__DATA EXCERPTS__:

......

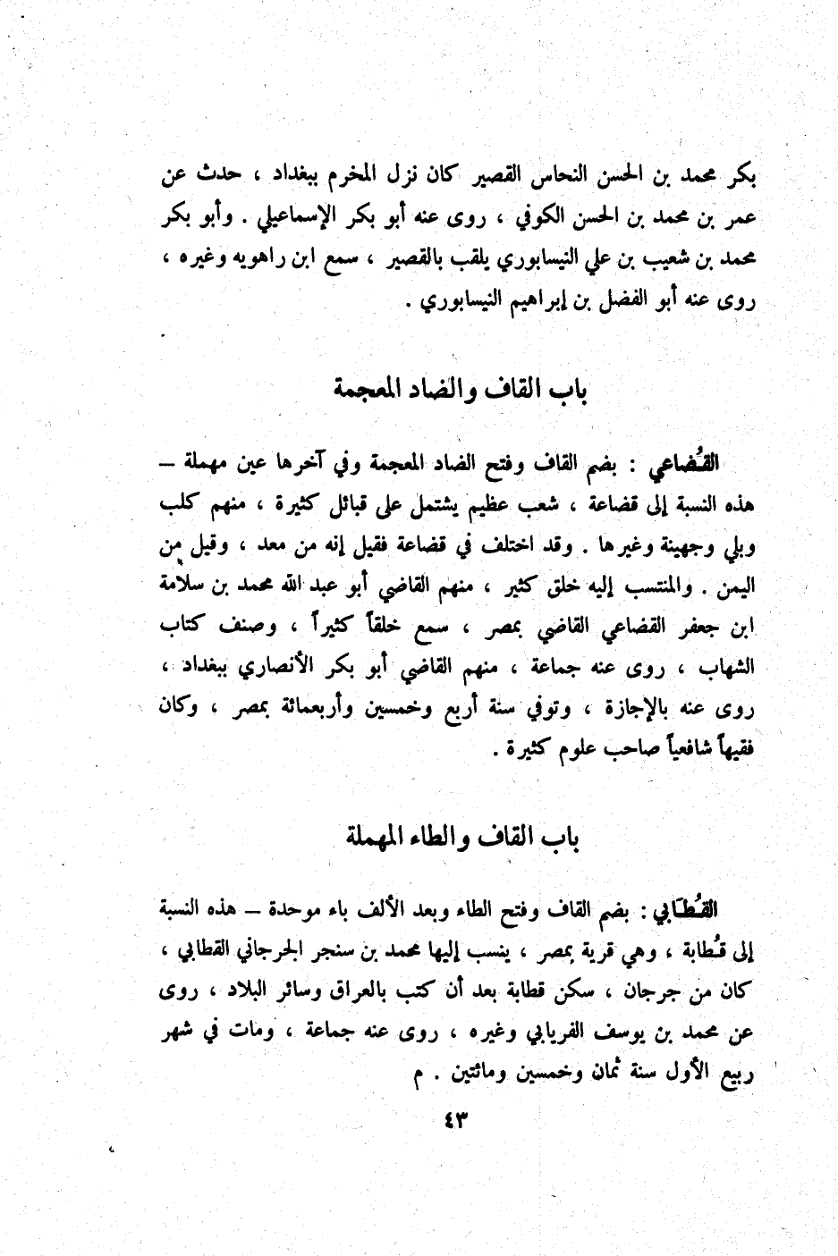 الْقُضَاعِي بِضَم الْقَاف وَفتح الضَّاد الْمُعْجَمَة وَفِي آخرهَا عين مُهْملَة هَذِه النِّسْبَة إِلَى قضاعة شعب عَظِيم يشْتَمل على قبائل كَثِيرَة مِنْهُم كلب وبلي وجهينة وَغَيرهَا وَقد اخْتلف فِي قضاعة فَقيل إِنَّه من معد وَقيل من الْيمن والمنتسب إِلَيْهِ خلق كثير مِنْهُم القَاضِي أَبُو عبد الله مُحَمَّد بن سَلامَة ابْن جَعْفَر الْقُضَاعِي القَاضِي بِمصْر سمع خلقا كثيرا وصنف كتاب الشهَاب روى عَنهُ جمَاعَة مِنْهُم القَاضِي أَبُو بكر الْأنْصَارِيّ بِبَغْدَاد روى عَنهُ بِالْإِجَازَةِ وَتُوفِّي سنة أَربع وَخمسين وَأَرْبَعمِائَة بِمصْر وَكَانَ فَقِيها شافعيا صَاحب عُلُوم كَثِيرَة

......

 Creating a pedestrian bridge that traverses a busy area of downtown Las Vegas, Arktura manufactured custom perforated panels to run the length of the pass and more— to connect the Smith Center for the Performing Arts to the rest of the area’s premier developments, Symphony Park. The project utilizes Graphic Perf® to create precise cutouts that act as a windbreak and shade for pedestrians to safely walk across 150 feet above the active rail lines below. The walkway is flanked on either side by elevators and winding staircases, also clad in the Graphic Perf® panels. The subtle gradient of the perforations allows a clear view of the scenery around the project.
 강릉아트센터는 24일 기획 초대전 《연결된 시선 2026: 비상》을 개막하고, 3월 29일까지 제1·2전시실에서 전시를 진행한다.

......

__ACTIVITY__:
Would you retype the lines above from the one with "Creating a pedestrian" down to the one with "강릉아트센터는 24일 기획", word for word, both ends included and no other lines?

__ANSWER BOX__:
 Creating a pedestrian bridge that traverses a busy area of downtown Las Vegas, Arktura manufactured custom perforated panels to run the length of the pass and more— to connect the Smith Center for the Performing Arts to the rest of the area’s premier developments, Symphony Park. The project utilizes Graphic Perf® to create precise cutouts that act as a windbreak and shade for pedestrians to safely walk across 150 feet above the active rail lines below. The walkway is flanked on either side by elevators and winding staircases, also clad in the Graphic Perf® panels. The subtle gradient of the perforations allows a clear view of the scenery around the project.
 강릉아트센터는 24일 기획 초대전 《연결된 시선 2026: 비상》을 개막하고, 3월 29일까지 제1·2전시실에서 전시를 진행한다.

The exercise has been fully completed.